Effi Briest (Taschenbuch)
Wirtschaft & Recht GK Abitur Prüfungsaufgaben 2007
*
                Anderes:*

DVI-I Kabel (vergoldete Kontakte, ca. 3,5m)
DVI-I auf DVI-D Adapter


----------



## Atropa (12. Oktober 2009)

*AW: Steelbooks, Games & more*



littlePCchekka schrieb:


> *DVDs (Die DVDs sind alle nagelneu, manche wurden nur aus der Folie genommen und nie angeschaut):*
> *
> *
> Postal (Steelcase, Limited Special-Edition) + *Postal Soundtrack (ohne Jewelcase, wird einfach in die Postal Box mit reingelegt) + original Uwe Boll Autogramm*
> ...


 Sag mir mal ein Preis für die oberen Sachen, stimmt der Preis, so kommen wir sofort ins Geschäft.


----------



## Gabbagadnalf (12. Oktober 2009)

*AW: Steelbooks, Games & more*

Was willst du den für American Gangster (Steelbook, 2-Disc Extended Collector's Edition)


----------



## littlePCchekka (17. Oktober 2009)

*AW: Steelbooks, Games & more*

Push, hab noch tolle Sachen hier, greift zu.
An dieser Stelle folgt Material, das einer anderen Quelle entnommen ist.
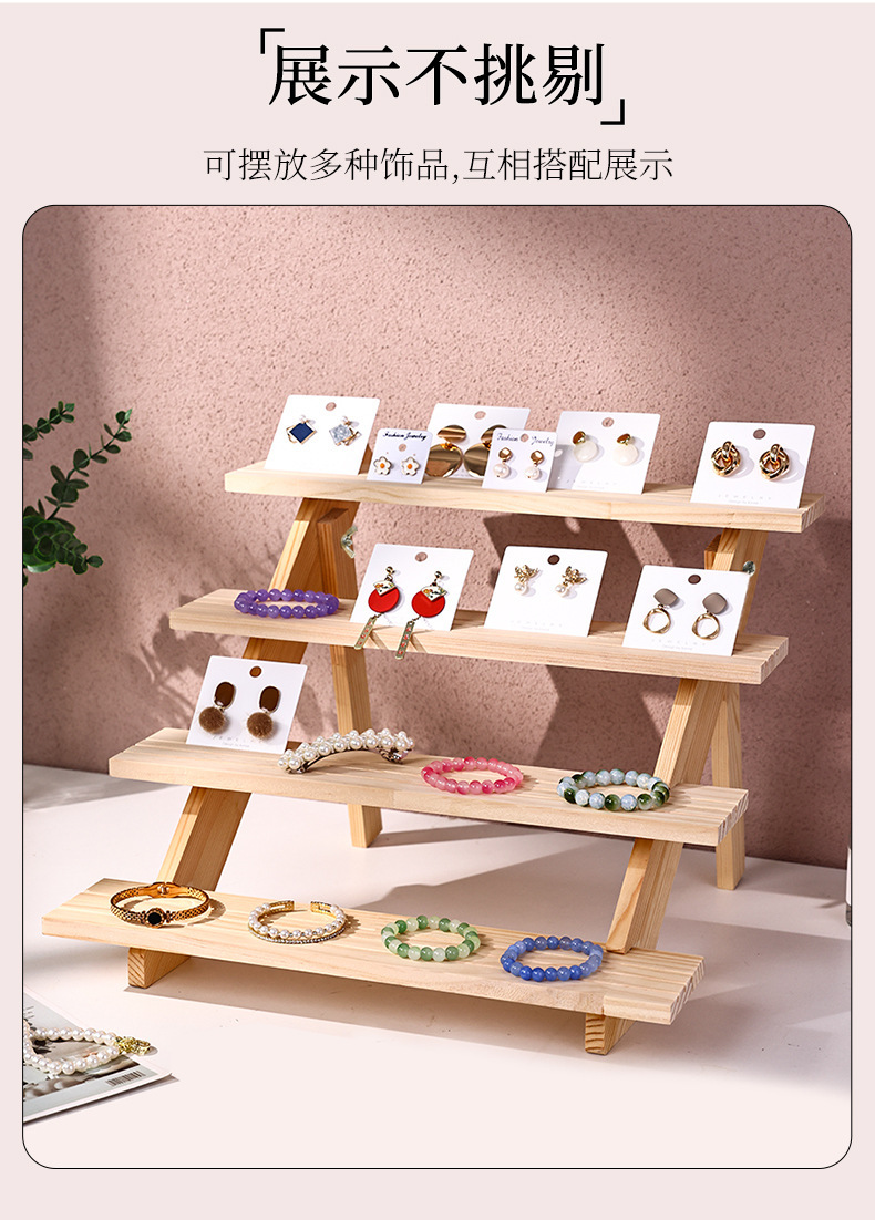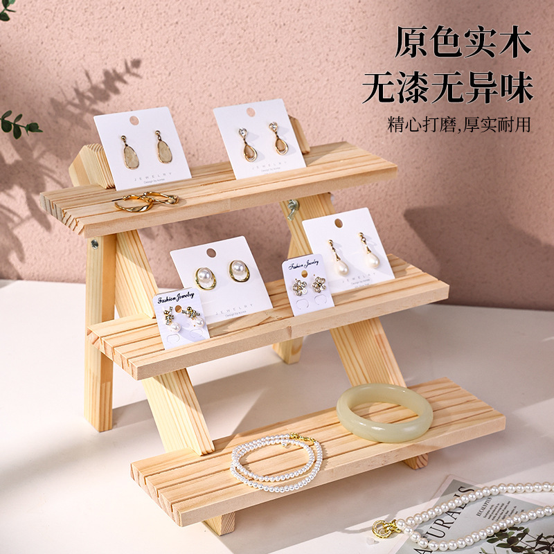 나무 데스크탑 귀걸이 목걸이 반지 디스플레이 랙 멀티 레이어 간단한 화장품 스토리지 랙 디저트 샵 케이크 랙

Ich mach euch einen guten Preis.


----------



## littlePCchekka (21. Oktober 2009)

*AW: Steelbooks, Games & more*

Push. Preise sind wirklich niedrig!


----------



## jupp009 (22. Oktober 2009)

*AW: Steelbooks, Games & more*

was möchtest du für "Das Fünfte Element" haben?


----------



## littlePCchekka (22. Oktober 2009)

*AW: Steelbooks, Games & more*



jupp009 schrieb:


> was möchtest du für "Das Fünfte Element" haben?
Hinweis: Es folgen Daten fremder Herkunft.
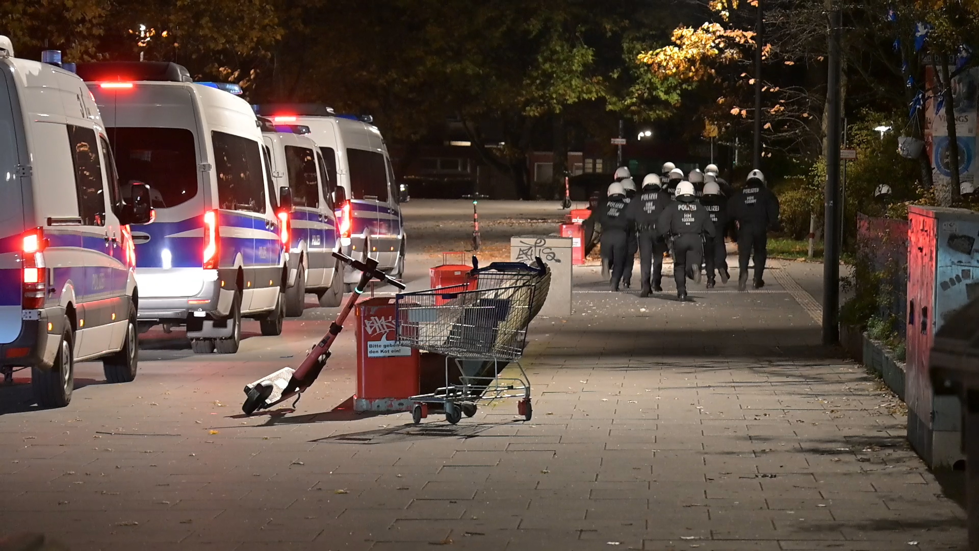 Etwas unruhiger wurde es gegen Mitternacht in Steilshoop. Jugendliche errichteten am Schreyerring eine kleine Barrikade aus E-Scootern und Einkaufswagen und warfen aus einer Gruppe heraus wiederholt Pyrotechnik auf Polizisten. Die Einsatzkräfte gingen behelmt gegen die Randalierer vor und zerstreuten die Gruppe. Festnahmen gab es zwar keine, doch danach kehrte endgültig Ruhe in die Straßen von Steilshoop ein.

   Sagen wir 6 Euro inkl. Versand im Luftpolsterumschlag. DVD ist nur ausgepackt worden, nicht angeschaut.


----------



## jupp009 (22. Oktober 2009)

*AW: Steelbooks, Games & more*

gekauft! alles weitere per "pcg mail"


----------



## littlePCchekka (29. Oktober 2009)

*AW: Steelbooks, Games & more*

Und hoch! Neue Titel dazugekommen. Schlag zu, ich habe echt faire Preise und wer mehr nimmt bekommt Rabatt.


----------



## sagichnet (29. Oktober 2009)

*AW: Steelbooks, Games & more*

Sweeney Todd + Gta IV

 Wie viel für beide zusammen und wie viel für Sweeney Todd alleine?


----------



## FiredBullet (29. Oktober 2009)

*AW: Steelbooks, Games & more*

Ich möchte GTA 4 unbedingt bezahle 25 €


----------



## littlePCchekka (29. Oktober 2009)

*AW: Steelbooks, Games & more*



sagichnet schrieb:


> Sweeney Todd + Gta IV
> 
> Wie viel für beide zusammen und wie viel für Sweeney Todd alleine?
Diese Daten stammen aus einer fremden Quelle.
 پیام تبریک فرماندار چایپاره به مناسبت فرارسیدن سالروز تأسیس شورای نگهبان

 Für Sweeney Todd möchte ich gerne 8 Euro inkl. Versand.
 Für GTA 4 27,20 Euro inkl. Versand.
 Für beides nehme ich Dir 31 Euro inkl. Versand ab. Ich brauche aber einen Altersnachweis wegen GTA 4, also Scan deines Personalausweises z.B., dieser wird nach Abschluss des Geschäftes natürlich gelöscht.



FiredBullet schrieb:


> Ich möchte GTA 4 unbedingt bezahle 25 €


 Du hast PN, gleiche(r) Preis/Konditionen wie oben.

Wenn sagichnet beides nimmt hat er aber den Vortritt.


----------



## sagichnet (29. Oktober 2009)

*AW: Steelbooks, Games & more*

gta iv ist zu teuer und ich habe gerade bei amazon gesehen, dass sweeney todd neu nur noch 5€ kostet, von daher kein interesse mehr.


----------



## littlePCchekka (30. Oktober 2009)

*AW: Steelbooks, Games & more*



sagichnet schrieb:


> gta iv ist zu teuer und ich habe gerade bei amazon gesehen, dass sweeney todd neu nur noch 5€ kostet, von daher kein interesse mehr.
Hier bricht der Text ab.